Des "mécanismes qui obligeraient" une entreprise "à produire sur le sol européen" si elle veut pénétrer ce marché : c’est ce que propose le secrétaire d'Etat à l'Industrie Christophe Sirugue pour faire face à la concurrence ferroviaire chinoise.
L'industrie ferroviaire française a-t-elle encore des perspectives ?
Christophe Sirugue et le secrétaire d'Etat aux Transports Alain Vidalies réunissent le comité stratégique de la filière ferroviaire lundi 5 décembre 2016. Il y sera notamment question du groupe Alstom (qui possède trois sites en Bourgogne-Franche-Comté)."Il n'y a pas de fatalité, notre industrie ferroviaire a de vraies perspectives si elle sait s'adapter aux enjeux", souligne Christophe Sirugue dans une interview au quotidien économique Les Echos. "Nous sommes confrontés à une concurrence chinoise très pressante. Le groupe CRRC (le géant du rail chinois China Railway Construction Corp.) pèse plus à lui seul que Siemens, Alstom et Bombardier réunis, et il vient de faire l'acquisition de la partie ferroviaire du tchèque Skoda", souligne-t-il. "Nous ne pouvons pas ignorer ce risque", et voir l'industriel chinois se servir de sa nouvelle filiale tchèque comme cheval de Troie pour pénétrer le marché européen.

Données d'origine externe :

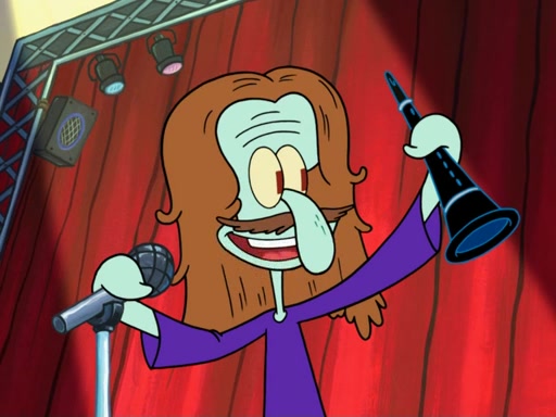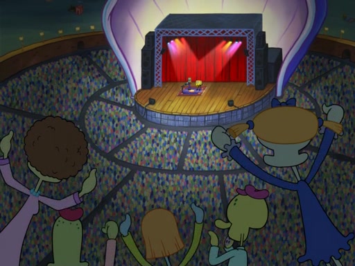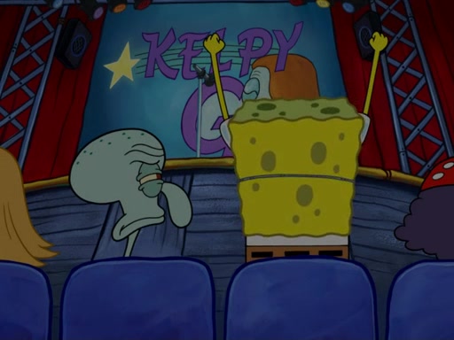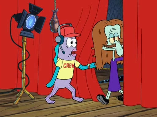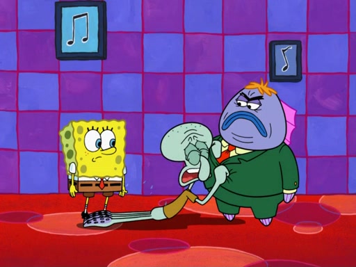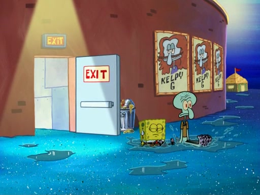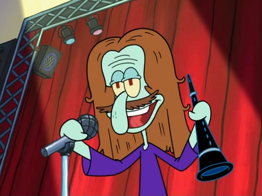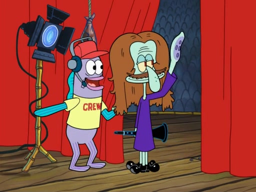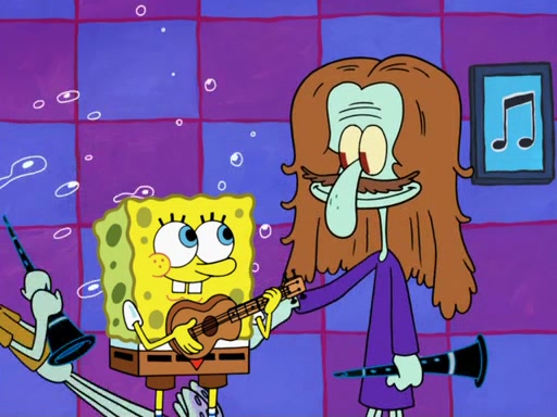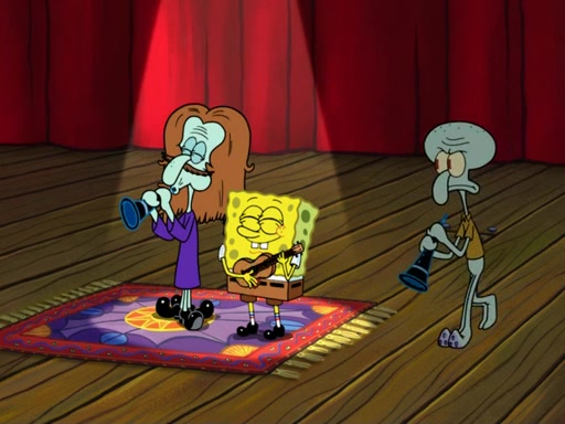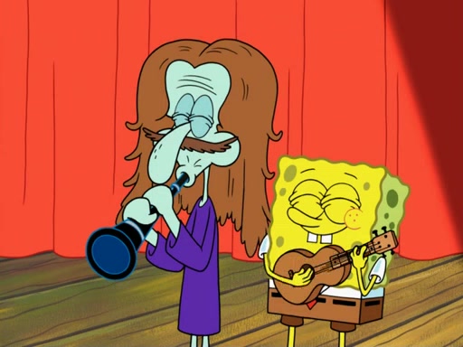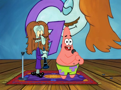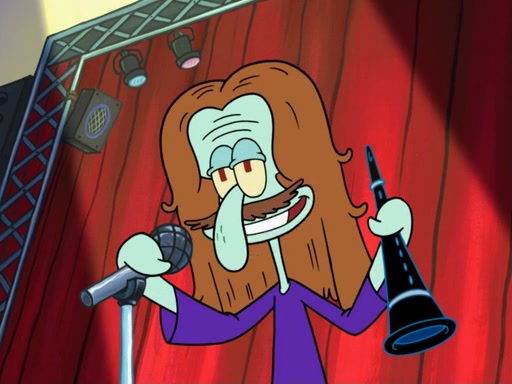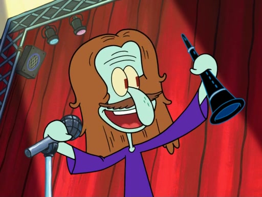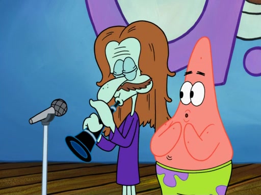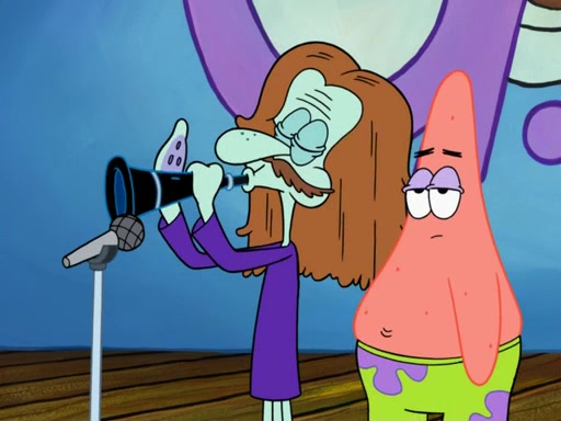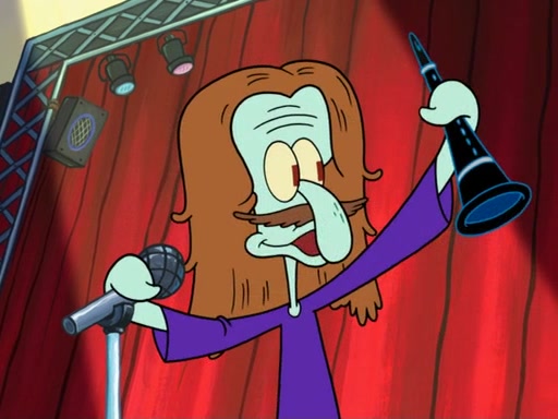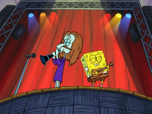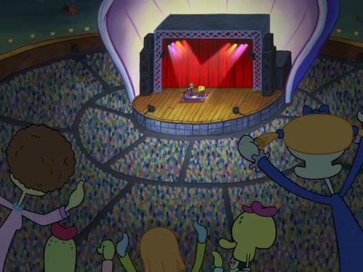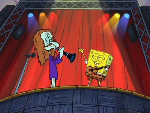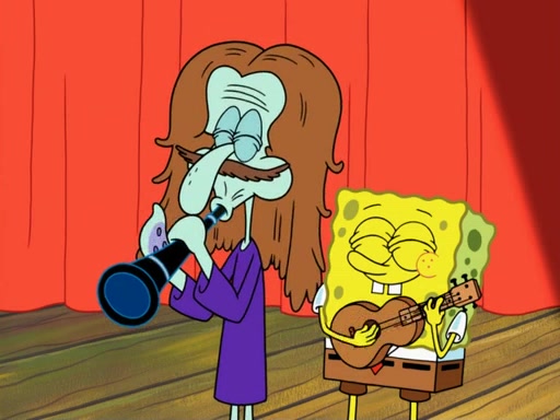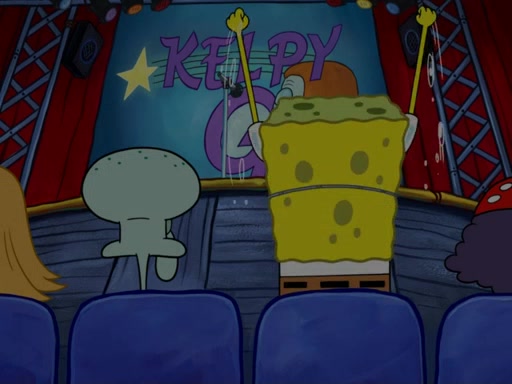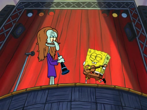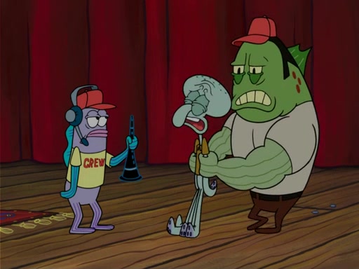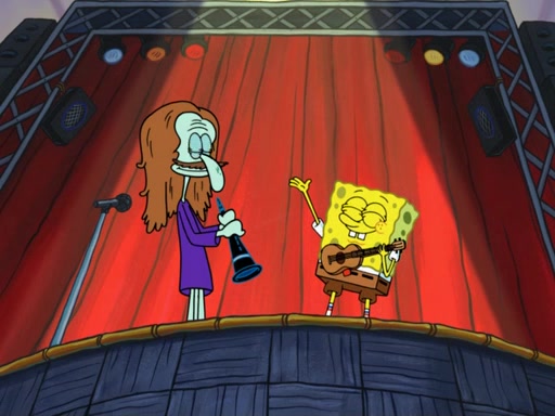 The guards kick them out. The duo manages to sneak backstage, but Kelpy G's manager tells them that they need to leave because they don't have any backstage passes. They both attempt to impress Kelpy G. Squidward begins to play the clarinet, while SpongeBob plays the ukulele. Kelpy G is impressed with SpongeBob's ukulele playing. The fans wait for Kelpy G to come and he does, but there is a partner with him, who happens to be SpongeBob. Squidward comes out on the stage to prove that he is better. However, the guards carry him out and the episode ends.

Face à cela, "de la même manière que l'on a réfléchi sur les actions à entreprendre contre la concurrence déloyale de l'acier chinois, nous devons nous poser la question, à l'échelle européenne, des outils qui pourraient préserver les capacités de production
de nos entreprises ferroviaires", avance Christophe Sirugue.
"Je ne suis pas un adepte de la naïveté"
"Je ne suis pas un adepte du protectionnisme, mais je ne suis pas non plus un adepte de la naïveté. A InnoTrans (le salon mondial du secteur, NDLR), en septembre, j'ai pu constater que les Allemands partageaient les mêmes interrogations", dit le secrétaire d'Etat. "Des mécanismes à l'échelle européenne qui obligeraient, quelle que soit la nationalité de l'entreprise, à fabriquer sur le sol européen pourraient être une forme de réponse intéressante, de la même manière qu'il existe un « Buy American Act » aux Etats-Unis ou des obligations de produire localement en Inde", indique-t-il."Si nous n'ouvrons pas ce débat, nous serons vulnérables", assure Christophe Sirugue.

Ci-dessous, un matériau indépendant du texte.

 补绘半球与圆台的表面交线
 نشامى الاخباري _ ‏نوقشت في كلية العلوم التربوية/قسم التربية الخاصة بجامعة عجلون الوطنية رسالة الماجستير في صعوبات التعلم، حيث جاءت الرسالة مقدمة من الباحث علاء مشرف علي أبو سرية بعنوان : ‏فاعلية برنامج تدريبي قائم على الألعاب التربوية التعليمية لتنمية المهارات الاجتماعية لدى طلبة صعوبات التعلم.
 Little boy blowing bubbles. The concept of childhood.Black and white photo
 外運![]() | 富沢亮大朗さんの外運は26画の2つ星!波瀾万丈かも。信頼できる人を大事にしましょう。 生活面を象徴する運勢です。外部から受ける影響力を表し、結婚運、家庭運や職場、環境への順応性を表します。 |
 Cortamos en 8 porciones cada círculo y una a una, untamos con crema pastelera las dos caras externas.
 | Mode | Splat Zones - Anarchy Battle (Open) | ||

Quel est l'enjeu pour le groupe Alstom ?
Le groupe Alstom emploie 9 000 salariés en France, répartis sur douze sites, dont un en Saône-et-Loire. L’usine du Creusot est le centre d’expertise et de référence pour les bogies de trains, locomotives, tramways et métros. Le site de Bourgogne emploie plus de 650 personnes. Alstom possède aussi deux sites en Franche-Comté, l’un à Ornans dans le Doubs et l’autre à Belfort, dans le Territoire de Belfort.En septembre, le constructeur Alstom avait invoqué un calendrier de commandes insuffisant dans l'Hexagone. Le groupe avait annoncé l'arrêt prochain de la production de trains dans son usine historique de fabrication du TGV, ainsi que le transfert de l'activité vers le site alsacien de Reichshoffen. Critiqué pour ne pas avoir assez agi contre la désindustrialisation du pays, le gouvernement avait dès lors engagé des discussions tous azimuts pour empêcher la fermeture du site. Début octobre, il avait annoncé plusieurs centaines de millions d'euros de commandes de trains et locomotives pour Alstom.